── SOURCE MATERIAL ──

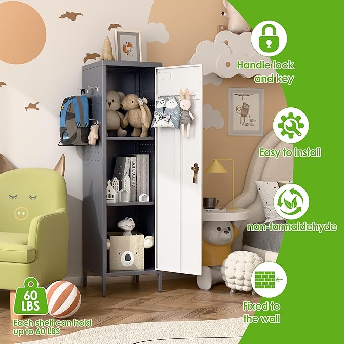 - 【Safe Use】Locker doors are equipped with hand locks to avoid children from opening them and the doors are equipped with vents to keep the air fresh. The locker can be mounted on the wall to avoid collapse
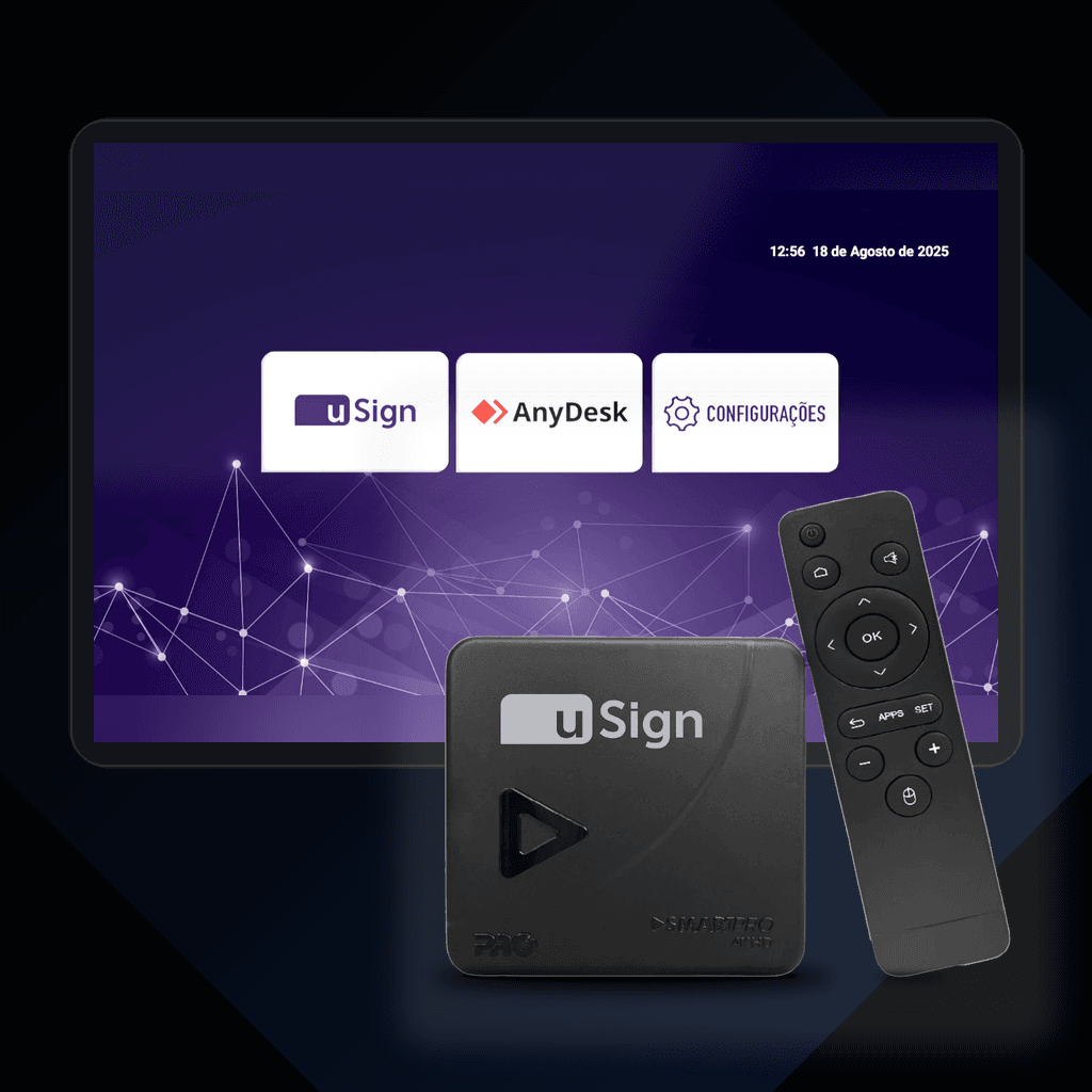 Box e sistema afinados para operar com o uSign: inicia rápido, roda sem travar, e usa cache local para manter a fluidez mesmo sem internet.
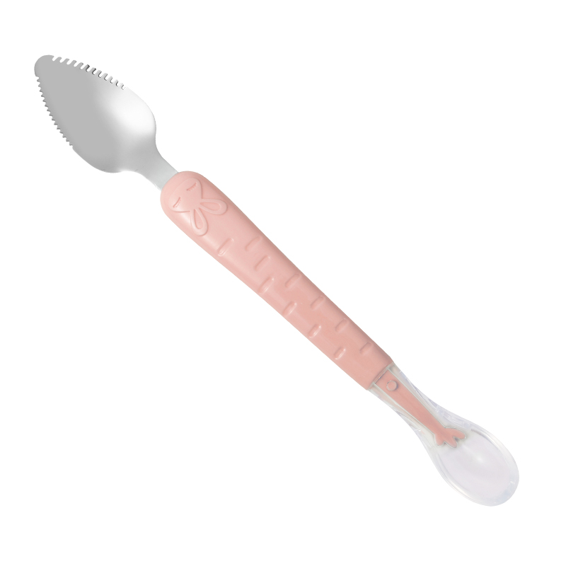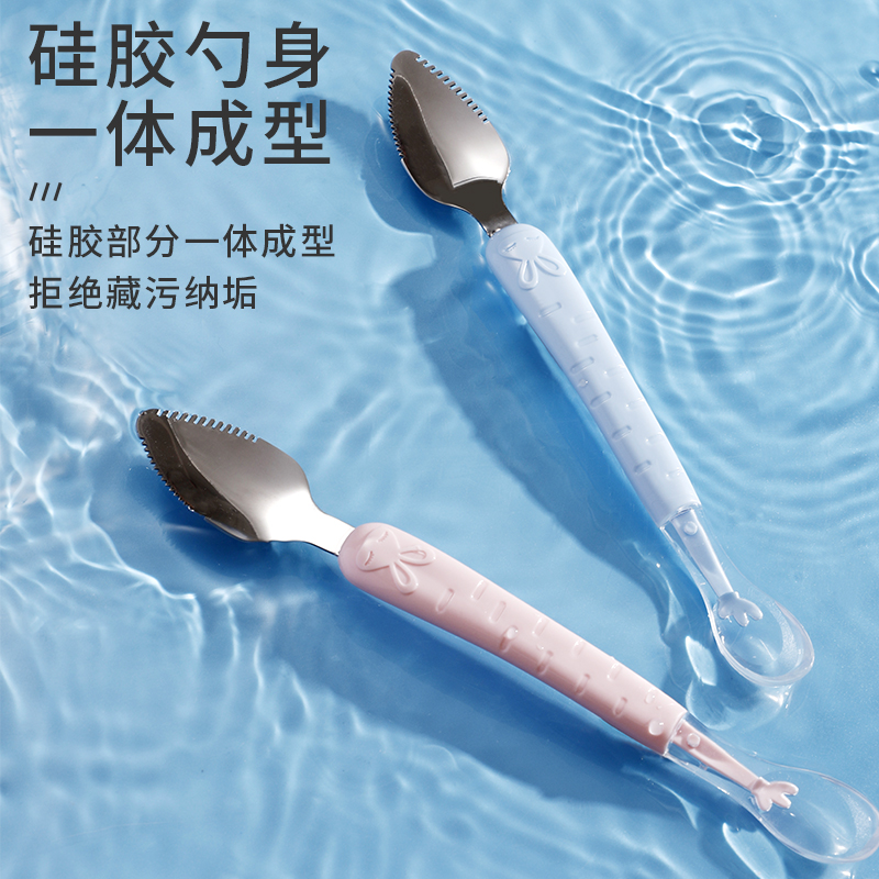 Baby double head Stainless Steel Apple Clay Scraped Spoon Silicone Soft Tablespoon Deputy Food God Ware Baby Fruit Spoon Children Cutlery

───

### EXERCISE AIM:
Leave every picture out and set down exactly the lines running from the one with "Box e sistema" to the last line of the material above.

### EXPECTED ANSWER:
 Box e sistema afinados para operar com o uSign: inicia rápido, roda sem travar, e usa cache local para manter a fluidez mesmo sem internet.
 Baby double head Stainless Steel Apple Clay Scraped Spoon Silicone Soft Tablespoon Deputy Food God Ware Baby Fruit Spoon Children Cutlery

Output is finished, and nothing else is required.